The reason for the constitutional legislator not to set the 2/3d as a blocking rule that wd have impeded the organisation of the 2nd vote provided for on the basis of the lowered majority, the reason why the constitutional legislator provided for a lowered majority to avoid the void in the event where MPs did not reach in the 1st session the desirable consensus of the 2/3, is that the key position of the State, a vacancy of which causes the latter to collapse as will be shown hereunder, obviously cannot depend on a meager one third of MPs, and thus hinge on the problematic gathering of a consensus as improbable to find as the 2/3 of all votes, or remain vacant.
It is the President indeed who appoints the Prime Minister and signs with the latter the decree appointing the other ministers, in such a manner that a limited one third of MPs cannot cause the system, in the event for example of a successful assassination of the Prime Minister (the decease of the PM terminates the government’s mandate), to collapse (and allow then an external force to fill the void and restore the system on a new ground).
Instead of shouting repeatedly to give credence to an absurd legal thesis, the Hezballa shd have boldly declared its right to amending the Constitution; the Hezballa however does not appear to be willing to open at this stage the Pandora box, and risk alienating its Xstian following or igniting a Shia-Sunni strife that wd make the birth of an Islamic State a definitive chimera and the eradication through emigration of the West’s Trojan Horses an unreachable dream.

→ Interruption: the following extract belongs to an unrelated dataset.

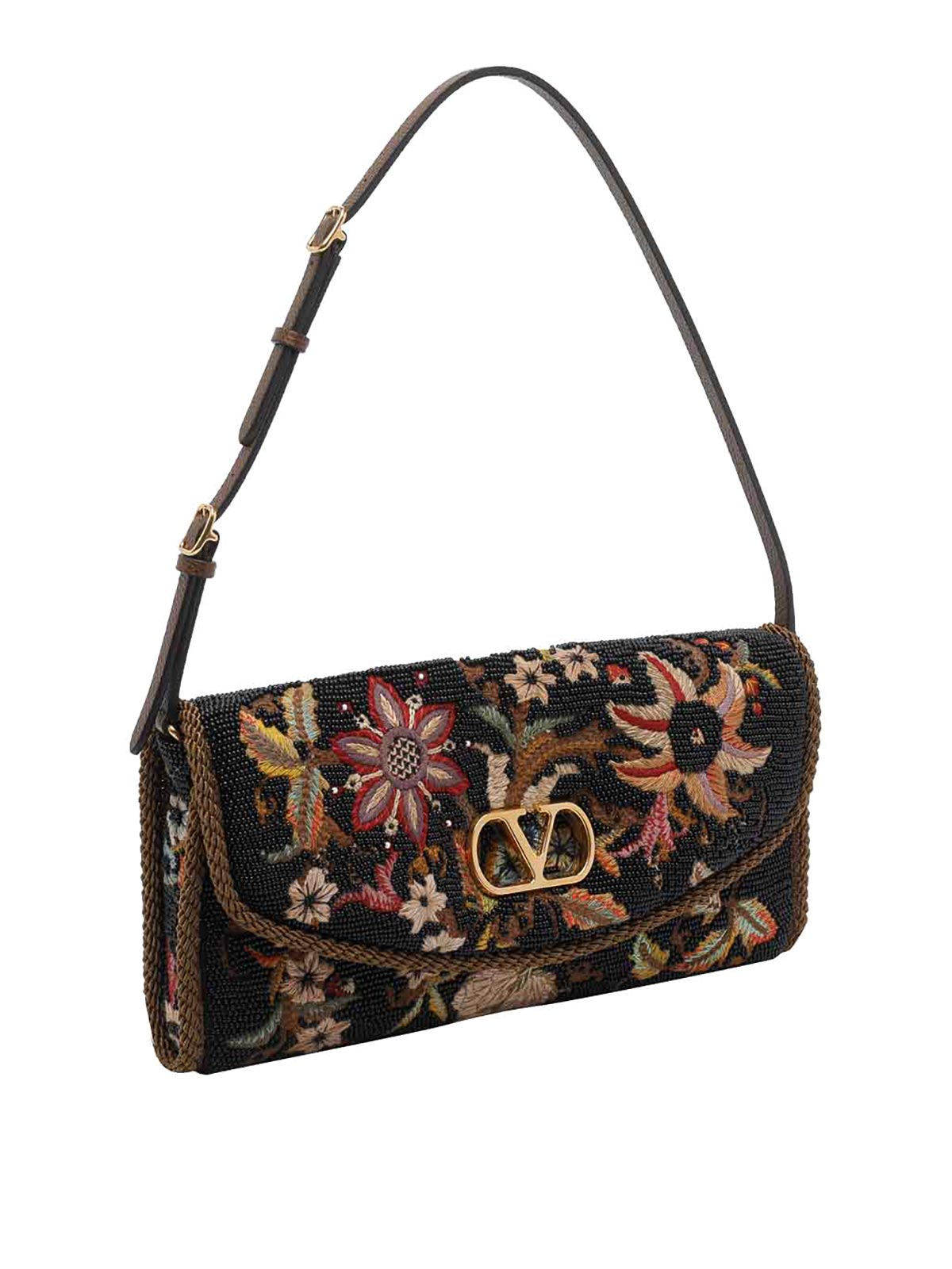 Valentino devain 刺繍入りスモールショルダーバッグ、マグネットクロージャー、インナースロット1つ、調節可能なハンドル

November 6th, 2007, 4:57 am
MSK said:
Jason and Why Discuss,
Here, for you, the FULL Article 49, which I actually had overlooked yesterday, yet which still bolsters my argument:
Article 49 [Presidential Powers]
(1) The President of the Republic is the bead of the state and the symbol of the nation’s unity. He shall safeguard the constitution and Lebanon’s independence, unity, and territorial integrity. The President shall preside over the Supreme Defense Council and be the Commander-in-Chief of the Armed Forces which fall under the authority of the Council of Ministers.
(2) The President of the Republic shall be elected by secret ballot and by a twothirds majority of the Chamber of Deputies. After a first ballot, an absolute majority shall be sufficient. The President’s term is for six years. He may not be re-elected until six years after the expiration of his last mandate. No one may be elected to the Presidency of the Republic unless he fulfills the conditions of eligibility for the Chamber of Deputies.
(3) It is also not possible to elect judges, Grade One civil servants, or their equivalents in all public institutions to the Presidency during their term or office or within two years following the date of their resignation or their leaving office for whatever reason.
WD If you highlight passages, make sure you don’t overlook the next sentence.
Thus – there needs to be a quorum (50% of the MPs plus 1), then there needs to be a first ballot, and if no candidate receives 2/3 of all MPs’ votes, then there will be a second (and if needs be, a third, fourth, fifth, …) round in which an absolute majority (of MPs) is sufficient. That is, again, 50% plus 1.